I've played with the UBS assistant, but it's features are useless compared to mint(USA) or snoop (UK). e.g.:

- analysis of recurrent transactions to identify subscriptions you may not be aware of (typically small things, like £3.95 a month - but had a few of these in the UK from things I stopped using LOOONG ago like goofbid).

- forecast of transactions (e.g. every year in October there is a large payment to the tax authorities, so it forecasts this for the upcoming year)

- automatic classification of transactions that can be tweaked (e.g. all international transactions in a specific week should be classified as "Holiday - Maldives"

- alerting of anomalous transactions (ok, UBS kinda has this too)

- bucketing - so I can say "this month, I want to spend no more than £2000 on aliexpress - alert me when I'm getting near to spending that

So far, I'm playing with Buxfer... does a bit, but the automated side is limited. I'm going to try YNAB and PocketSmith.

That last one seems promising as they don't just use Salt Edge to connect to UBS, but they support a few providers (Salt Edge, Akahu, Plaid, Basiq and Yodlee) - so the likelihood of them supporting SwissCard soon is higher...

EDIT: forgot to mention: I've played with excel, but dealing with accounts in 4 countries/currencies + properties (rental/expenses for these) just becomes a nightmare...

If you already did it with excel, you could automate the bank download bit using a script.

My scripting skills do not extend to understanding the openbanking API - nor do I have the skills to make the automation this provides in excel...

So far, my summary is:

Buxfer :

Cheapest, most manual categorisation. Relatively basic. Supports Salt Edge

Pocketsmith

Double the price of buxfer - but the categorization automation is the best. It even detects things like "Paypal *companyX 4798346" - and rather than categorizing it as paypay, it autocategorizes based on what "companyX" is. Also uses salt edge

Lunch money

Cleanest interface. The best it seems at identifying non-identical recurrent transactions (e.g. something that is 10usd/month will fluctuate on CHF, or things like water bills and petrol). That said, it uses plaid instead of salt edge - which I don't like.

Note: I don't like plaid as you would need to give it your bank credentials. I really dislike that, and won't be doing it. Salt edge uses the UBS Open Banking API, so you log into UBS and allow salt edge to read your transaction details.

you can avoid openbanking API by using browser automation. or maybe even easier is just to enable email notifications and capture and process those instead.
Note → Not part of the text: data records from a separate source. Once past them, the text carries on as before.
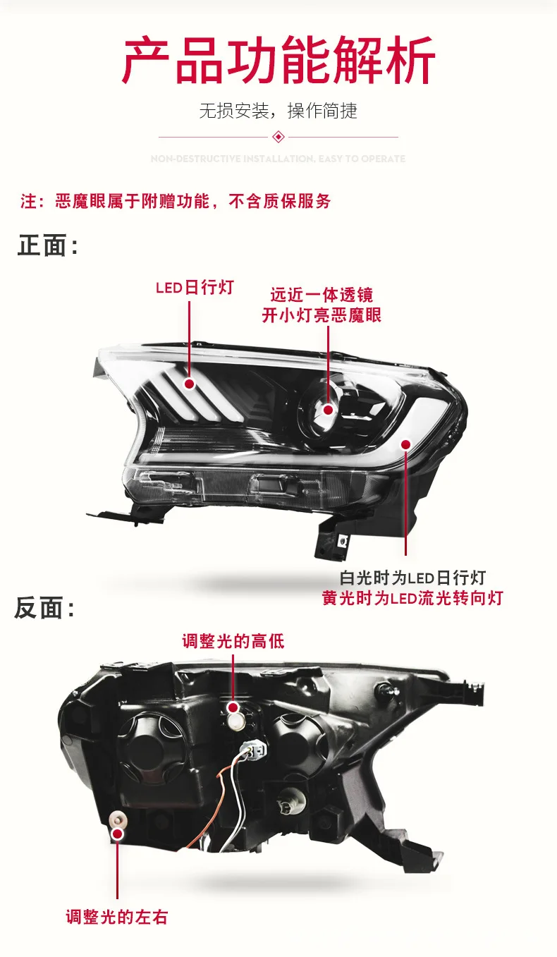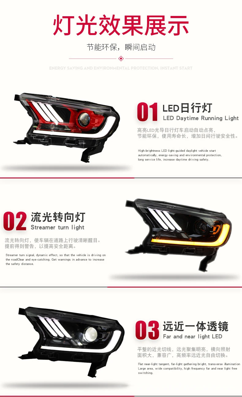 Car Headlight Assembly Dynamic Streamer TurN Signal Indicator For Ford Road Shaker Ranger 2016-2019 LED Xenon Lamp Head LightsCar Headlight Assembly Dynamic Streamer TurN Signal Indicator For Ford Road Shaker Ranger 2016-2019 LED Xenon Lamp Head Lights
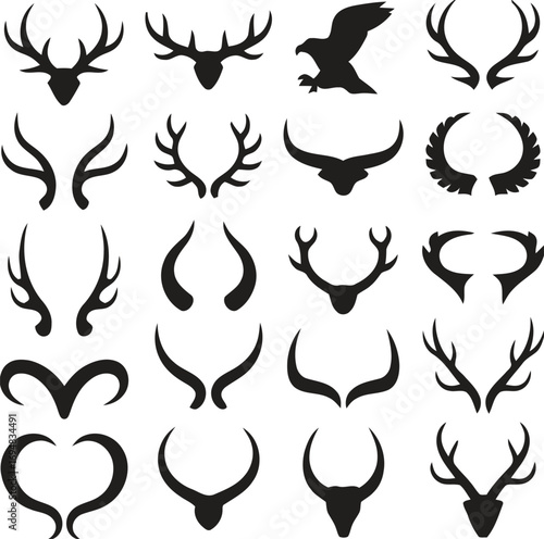 © Muhammad, Fototapeta premium Collection of diverse animal antlers horns and silhouette eagle wings
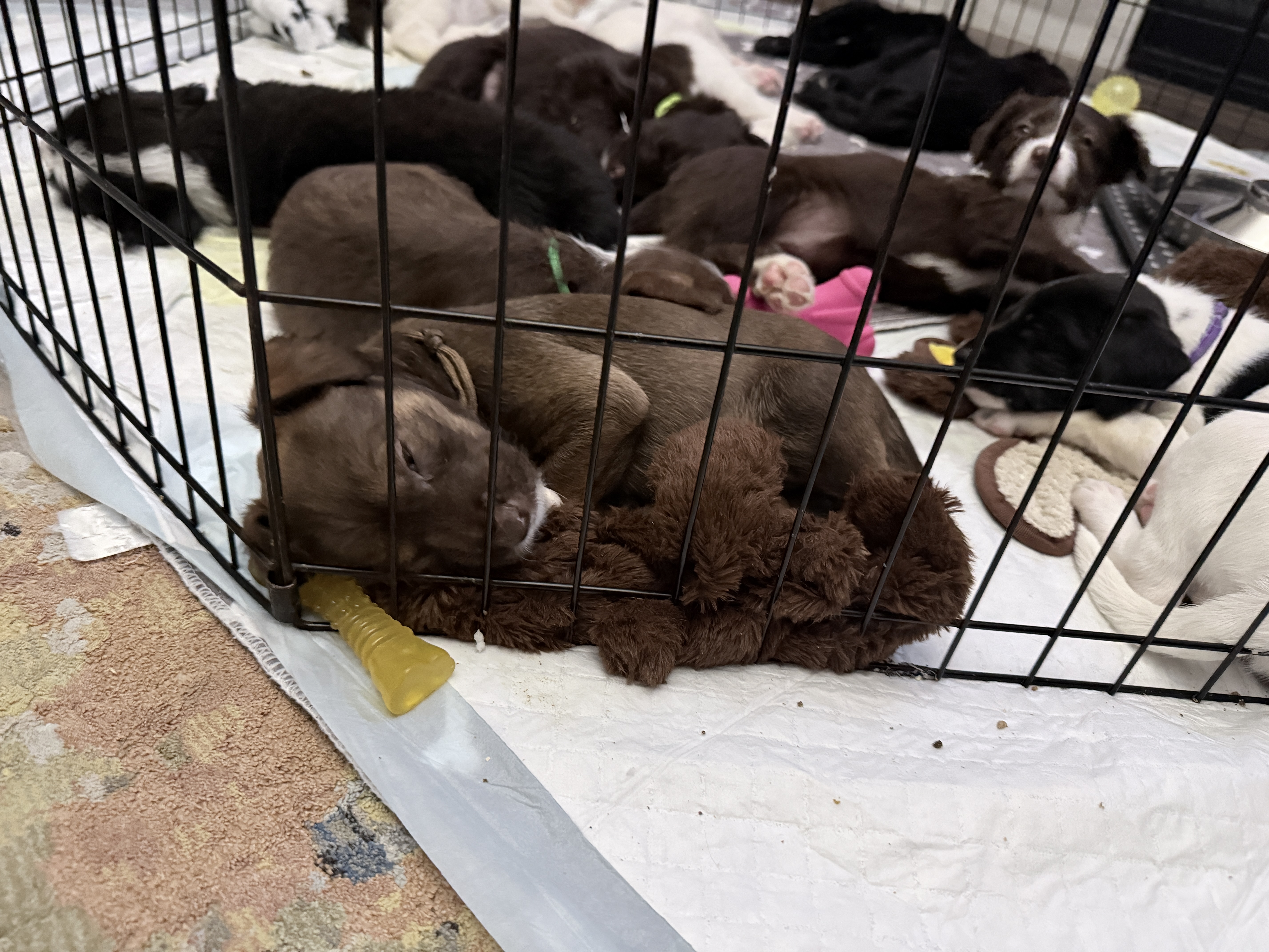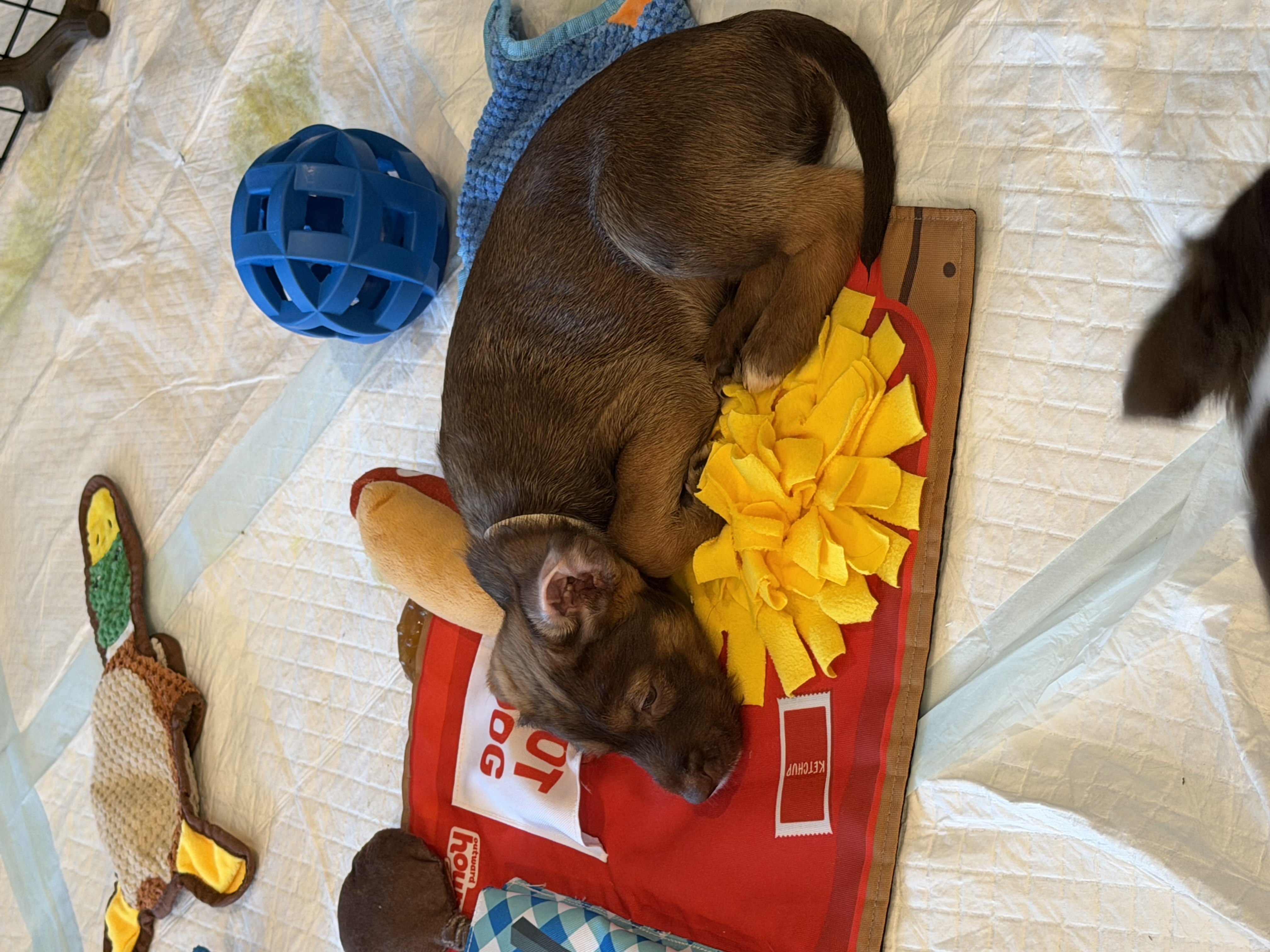 My days follow a steady routine built around four meals at 8am, 12pm, 4pm, and 8pm. Between meals, I rotate between playtime, exploring my world, and long puppy naps to recharge. I spend lots of time with my littermates and foster family, which is helping me build great social skills. I’m still young, so my schedule will change as I grow, but right now consistency helps me feel safe and confident.
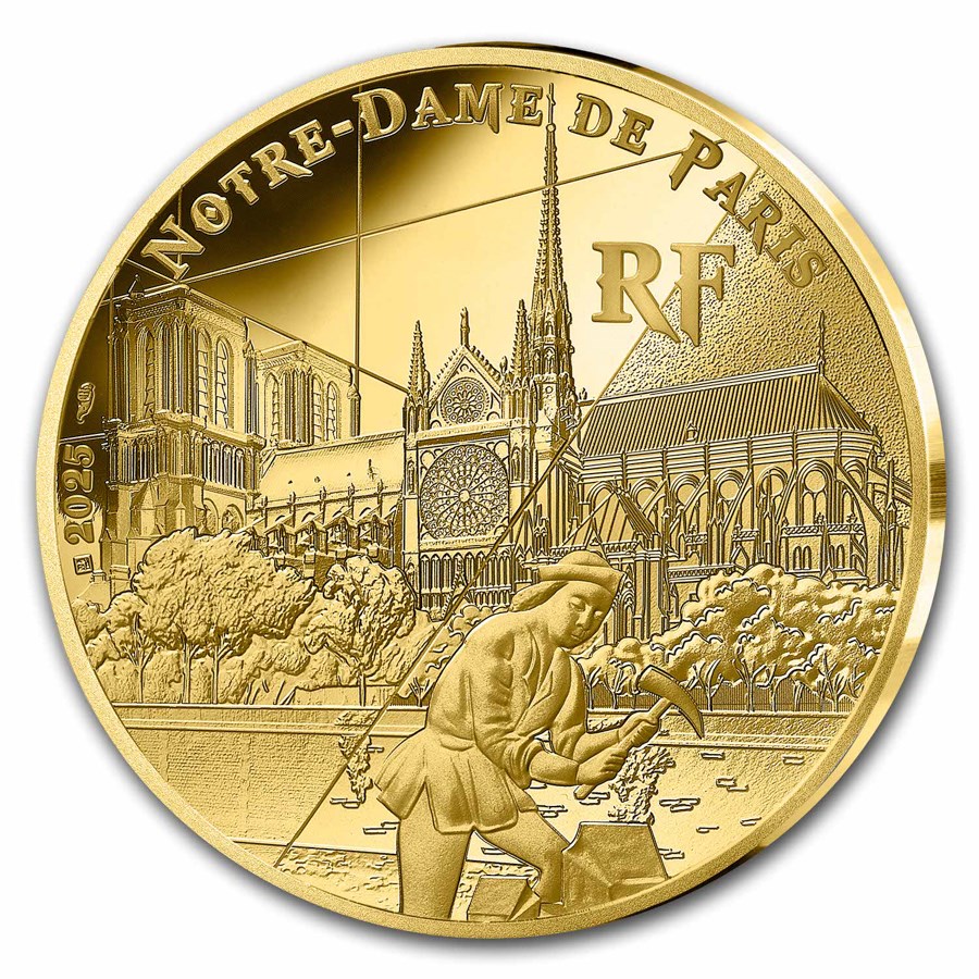 Dynamik der Preisänderung Frankreich: Goldmünze Notre-Dame de Paris 2025 Polierte Platte 1 Unze
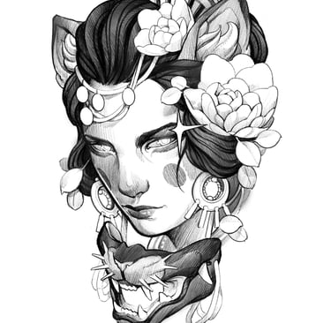 Para diseñar tu tatuaje ideal, haz una breve descripción de tu idea, el tamaño aproximado (en cm o una comparación), el lugar donde quieres tatuarlo, y referencias visuales (pueden ser de mis trabajos o de internet). Si tienes preferencias sobre colores (blackwork o con tonos específicos) o detalles importantes a incluir o evitar, indícalos también. Por último, menciona si tienes un presupuesto o una fecha en mente. ¡Estoy aquí para crear algo único para ti!
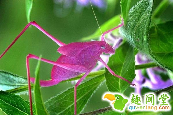 螽斯也叫纺织娘,并不稀奇,大多是绿色或褐色的。但美国宾夕法尼亚山区的这种螽斯却非常特别,从头到脚都是鲜艳的粉红色!这一品种第一次被发现是在1887年,科学家认为是异常色素沉着的症候,与白化病类似。

What is the open banking API? Do all banks support it? Is there a website?

I spent about 2 weeks setting up a full infrastructure around Buxfer and am now very happy with the results.

I have a stream at end of month, where I download bank, credit card, Revolut, etc CSVs, take them through a short script for cleanups, and then upload manually.

With Buxfer remembering the format of the upload file for each account, and with leveraging rules, it takes me 30 min to update monthly and keep track of everything.

It works quite well, I don't think I have it in me to go with a different solution.

I don't care about syncing now that everything is set up, I also like to have some manual control and see what flows in and be sure that the numbers make sense.

Each bank can decide if they offer this or not, so I’m not aware of a single site that lists all banks that offer this. Short version, with PSD2 all EU banks will need to offer it.

That said - to save fintech companies time (and money), there are a few companies that take this API, and convert it into something more usable. They also keep up to date with changes in the headers (e.g. a bank may one month call the column a “Description” and the next update it to “Transaction Name”).

Salt Edge, Akahu, Plaid, Basiq and Yodlee all do this. I haven’t looked into all of them, but Salt Edge seems decent. Plaid I don’t like as you give them your credentials (which imo is as bad as writing a script yourself as saving the credentials in clear text).